BRIEF:
Once the pictures are set aside, copy the data below exactly as it stands.

DATA SHOWN:
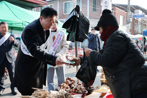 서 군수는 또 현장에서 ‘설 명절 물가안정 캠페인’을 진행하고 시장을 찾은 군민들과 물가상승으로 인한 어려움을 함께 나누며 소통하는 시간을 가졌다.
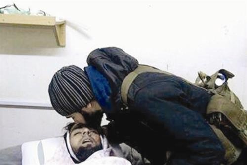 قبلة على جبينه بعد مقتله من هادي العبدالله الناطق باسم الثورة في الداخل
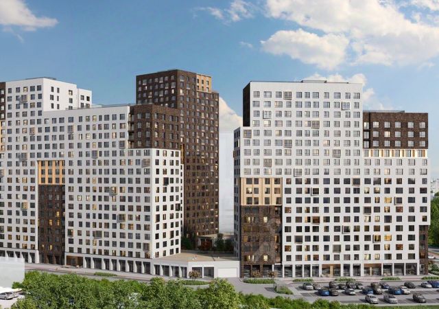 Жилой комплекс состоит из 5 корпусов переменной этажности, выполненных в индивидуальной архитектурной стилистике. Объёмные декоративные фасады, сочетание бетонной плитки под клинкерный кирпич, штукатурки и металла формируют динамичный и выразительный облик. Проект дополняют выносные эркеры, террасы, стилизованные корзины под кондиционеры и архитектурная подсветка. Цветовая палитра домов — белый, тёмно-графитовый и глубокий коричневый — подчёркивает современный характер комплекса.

RESULT FOR THIS EXERCISE:
 서 군수는 또 현장에서 ‘설 명절 물가안정 캠페인’을 진행하고 시장을 찾은 군민들과 물가상승으로 인한 어려움을 함께 나누며 소통하는 시간을 가졌다.
 قبلة على جبينه بعد مقتله من هادي العبدالله الناطق باسم الثورة في الداخل
 Жилой комплекс состоит из 5 корпусов переменной этажности, выполненных в индивидуальной архитектурной стилистике. Объёмные декоративные фасады, сочетание бетонной плитки под клинкерный кирпич, штукатурки и металла формируют динамичный и выразительный облик. Проект дополняют выносные эркеры, террасы, стилизованные корзины под кондиционеры и архитектурная подсветка. Цветовая палитра домов — белый, тёмно-графитовый и глубокий коричневый — подчёркивает современный характер комплекса.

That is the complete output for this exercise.